Re: TRAP: FailedAssertion("!(TransactionIdPrecedesOrEquals

From: Erik Rijkers <er(at)xs4all(dot)nl>
To: Michael Paquier <michael(dot)paquier(at)gmail(dot)com>
Cc: PostgreSQL mailing lists <pgsql-hackers(at)postgresql(dot)org>
Subject: Re: TRAP: FailedAssertion("!(TransactionIdPrecedesOrEquals
Date: 2017-12-20 06:33:45
Message-ID: f4bc19a726ac9fce7e47c69ddf018cbc@xs4all.nl
Views: Raw Message | Whole Thread | Download mbox | Resend email
Thread:
Lists: pgsql-hackers

On 2017-12-20 06:27, Michael Paquier wrote:
> On Wed, Dec 20, 2017 at 7:46 AM, Erik Rijkers <er(at)xs4all(dot)nl> wrote:

TRAP: FailedAssertion("!(TransactionIdPrecedesOrEquals(safeXid,
snap->xmin))", File: "snapbuild.c", Line: 580)

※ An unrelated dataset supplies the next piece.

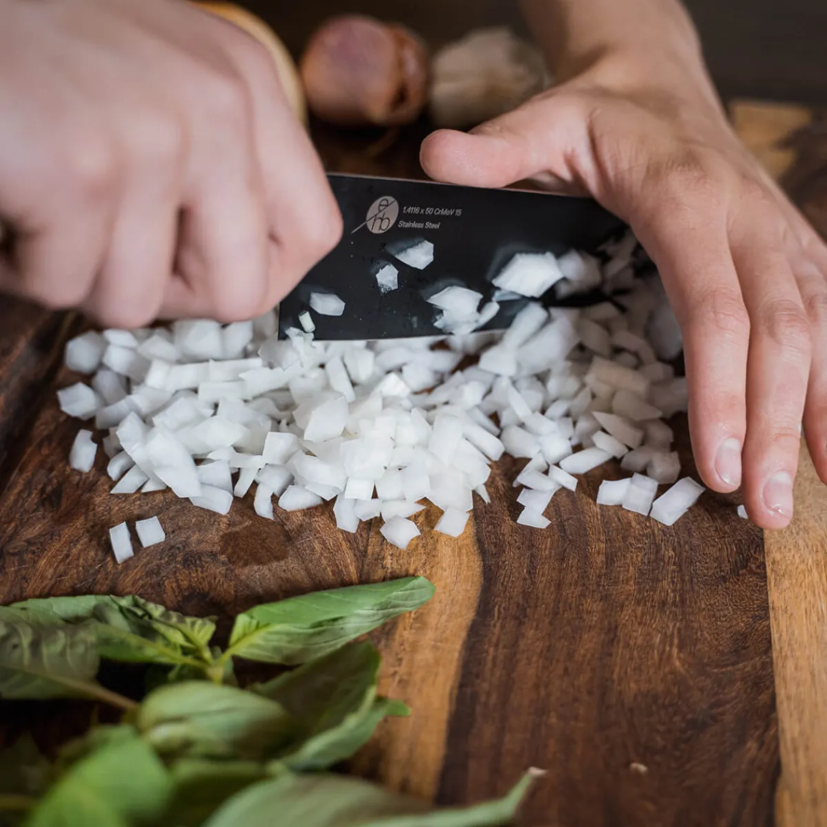 - Allzweck-Küchenmesser zum Schneiden und Hacken verschiedenster Lebensmittel (Gemüse, Fisch, Fleisch, Kräuter, Nüsse etc.)

>> Sorry, that was probably too terse, I should explain that a little.
>>
>> After initing 50 instances, I set up and run a pgbench session in the
>> master
>> session; the pgbench lines are:
>>
>> init: pgbench --port=6515 --quiet --initialize --scale=1 postgres
>> run: pgbench -M prepared -c 16 -j 8 -T 1 -P 1 -n postgres -- scale
>> 1
>>
>> the other instances then catch up. The whole takes 5 minutes or so
>>
>> I vary scale, duration, and number of instances. I haven't had it
>> fail in
>> this way yet but I mostly tried with lower number of instances (up to
>> 25 or
>> so).
>
> Hm. Are you saying that it takes at least 50 cascading instances to
> see the problem you are seeing? And that you are not seeing any
> problems with a lower number of cascading instances? Are you enabling
> hot_standby_feedback?

That sounds more definitive than I meant it, but yes, only now that I
tried a higher number of instances did I see this. But is also often
succeeds at up to 100 instances (100 is the highest I have tried).

These 50 instances were a logical replication chain, and
hot_standby_feedback is off.

Overnight I ran 80x the test that failed yesterday: now they all 80
succeeded. I am not sure what causes failure over success.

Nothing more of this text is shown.